(The input begins)

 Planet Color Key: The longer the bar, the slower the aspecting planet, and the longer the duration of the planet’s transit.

(The input ends)
(The input begins)

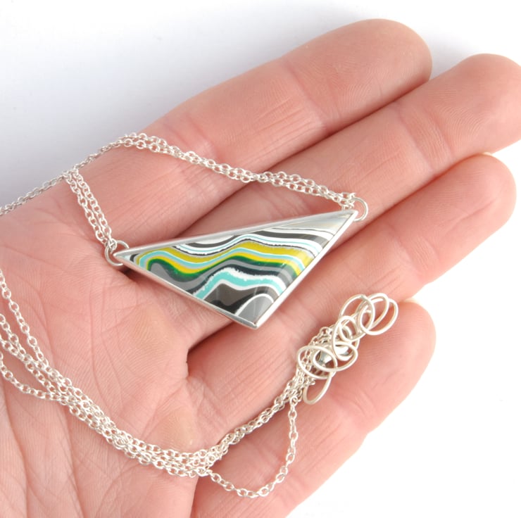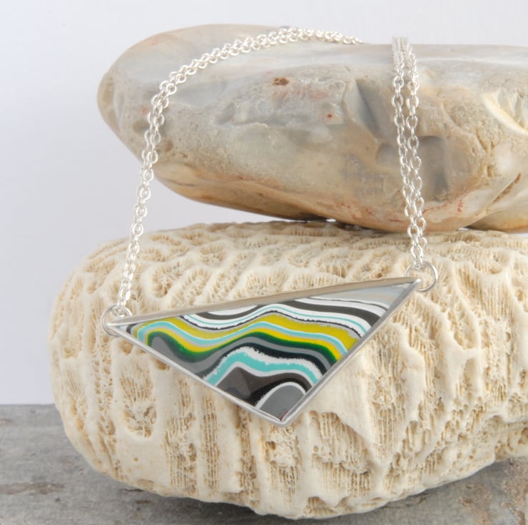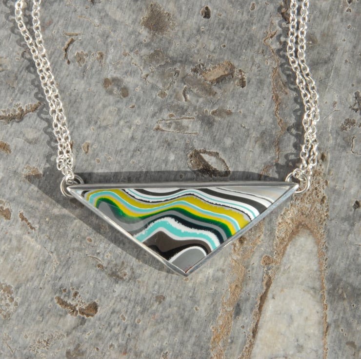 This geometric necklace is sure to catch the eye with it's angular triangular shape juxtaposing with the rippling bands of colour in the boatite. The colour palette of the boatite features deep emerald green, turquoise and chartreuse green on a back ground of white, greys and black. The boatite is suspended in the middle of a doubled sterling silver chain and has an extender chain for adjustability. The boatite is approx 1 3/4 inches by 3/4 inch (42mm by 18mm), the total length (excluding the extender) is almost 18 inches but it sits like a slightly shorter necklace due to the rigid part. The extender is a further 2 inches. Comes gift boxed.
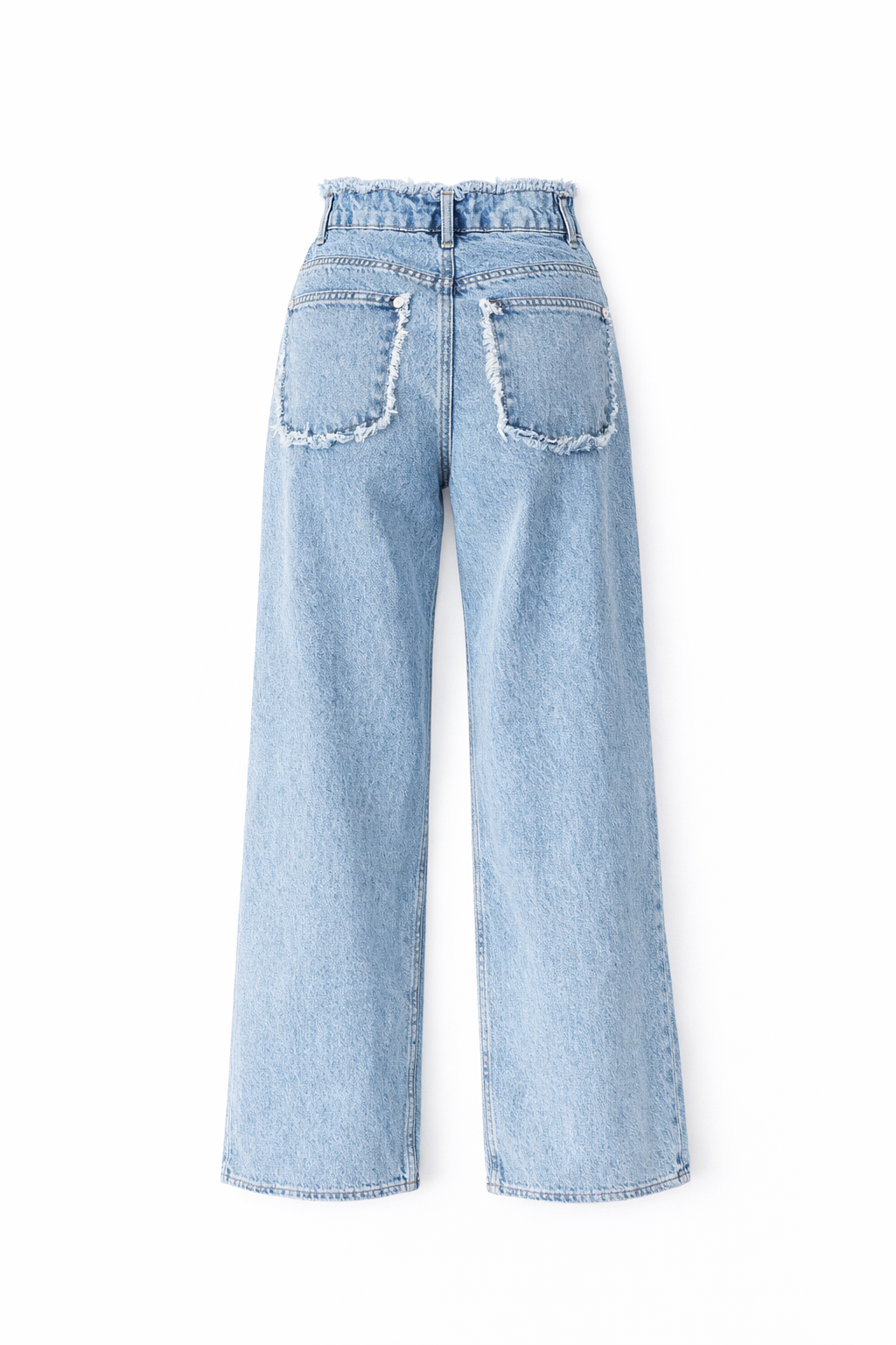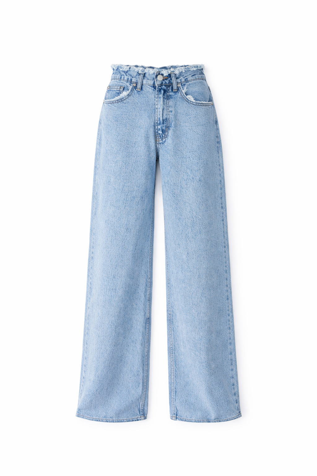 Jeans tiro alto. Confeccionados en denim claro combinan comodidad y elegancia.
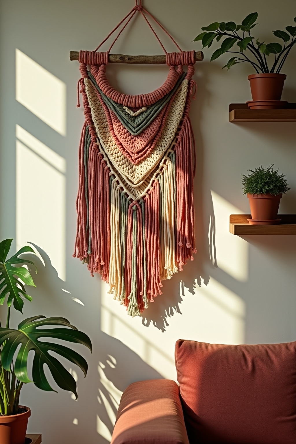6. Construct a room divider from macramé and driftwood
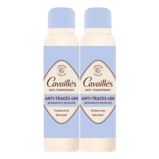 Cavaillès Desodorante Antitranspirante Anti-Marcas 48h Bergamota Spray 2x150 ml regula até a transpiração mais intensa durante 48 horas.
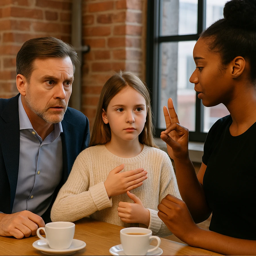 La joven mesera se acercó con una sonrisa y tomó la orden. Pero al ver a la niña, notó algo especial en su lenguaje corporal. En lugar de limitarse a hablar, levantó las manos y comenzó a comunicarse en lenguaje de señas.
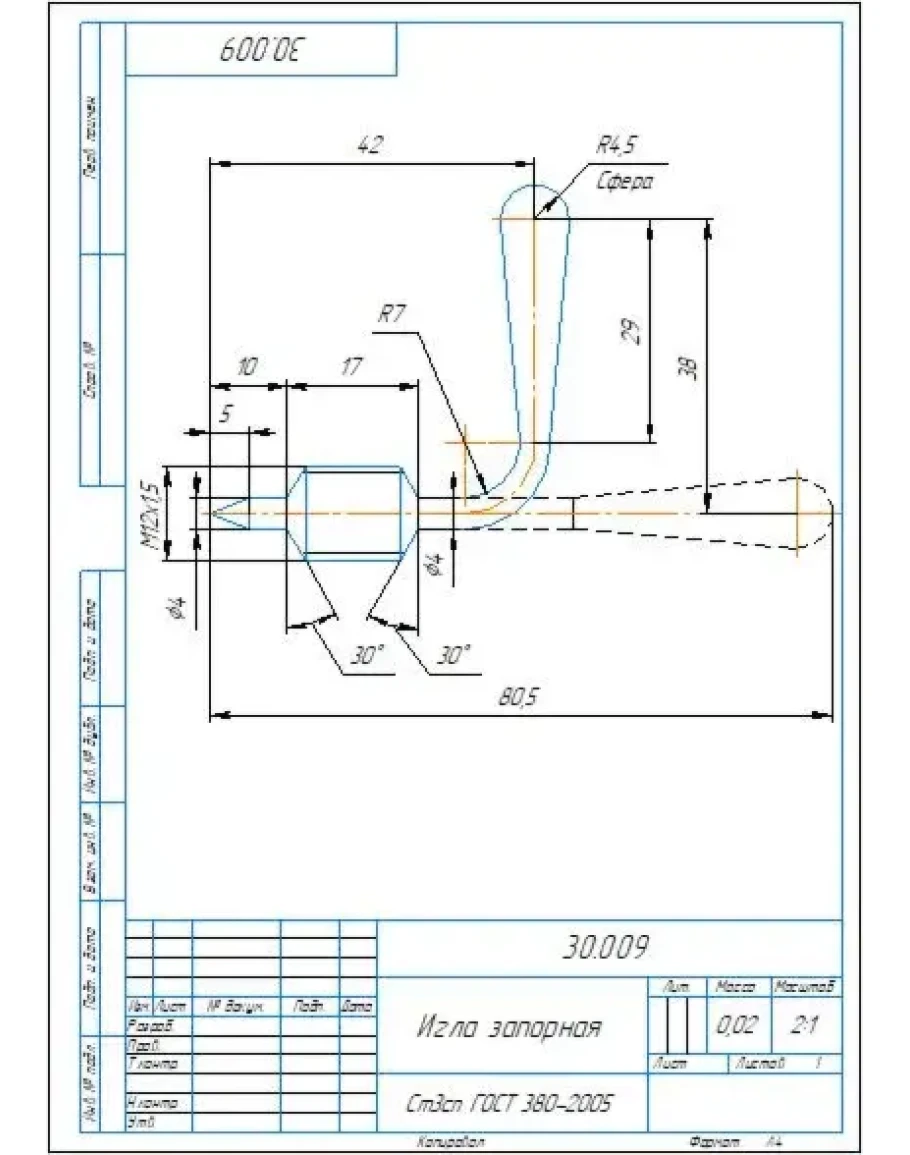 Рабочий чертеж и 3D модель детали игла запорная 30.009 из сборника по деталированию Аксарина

(The input ends)
(The input begins)

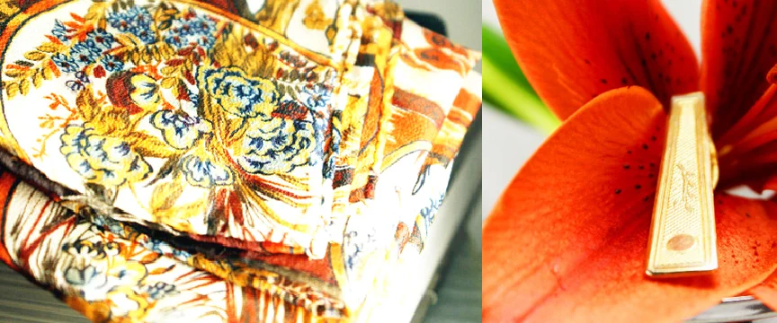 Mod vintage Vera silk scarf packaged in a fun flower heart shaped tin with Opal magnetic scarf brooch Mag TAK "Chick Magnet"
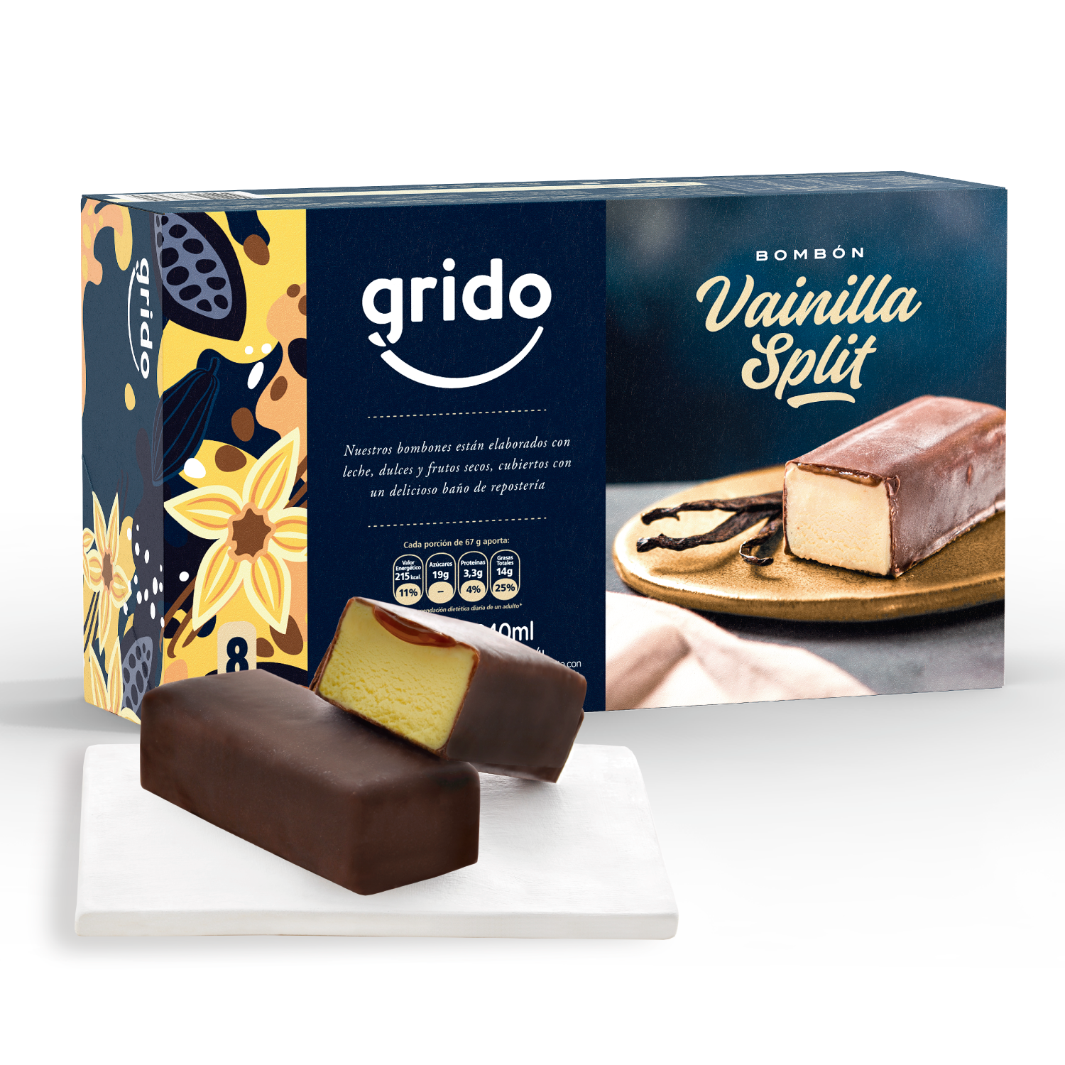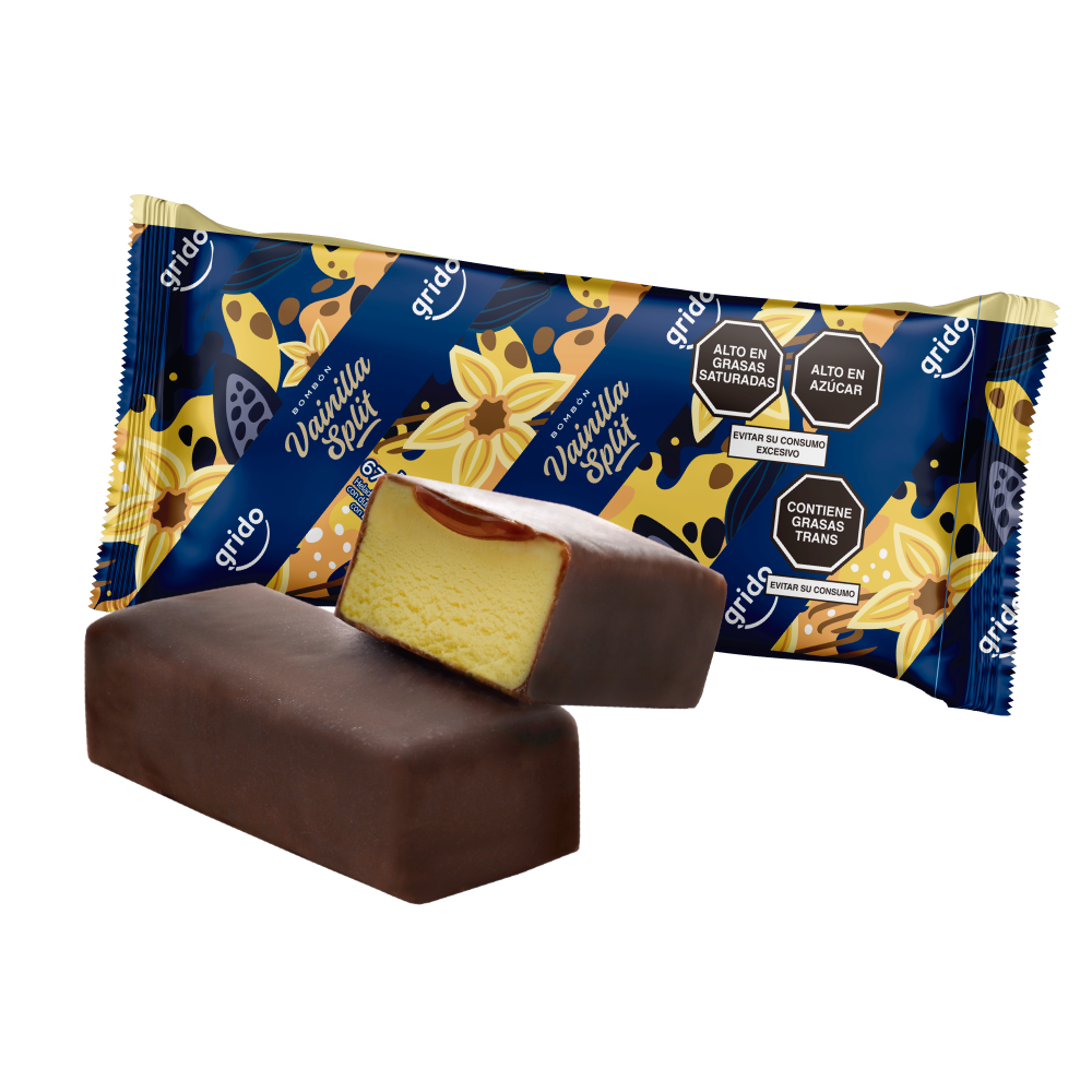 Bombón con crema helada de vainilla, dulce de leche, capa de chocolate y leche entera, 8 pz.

(The input ends)

Activity
Using the data above, output the line that has "Cavaillès Desodorante Antitranspirante", the line that has "La joven mesera", and whatever lines fall between, each exactly as it stands and without pictures.

Task result
 Cavaillès Desodorante Antitranspirante Anti-Marcas 48h Bergamota Spray 2x150 ml regula até a transpiração mais intensa durante 48 horas.
 La joven mesera se acercó con una sonrisa y tomó la orden. Pero al ver a la niña, notó algo especial en su lenguaje corporal. En lugar de limitarse a hablar, levantó las manos y comenzó a comunicarse en lenguaje de señas.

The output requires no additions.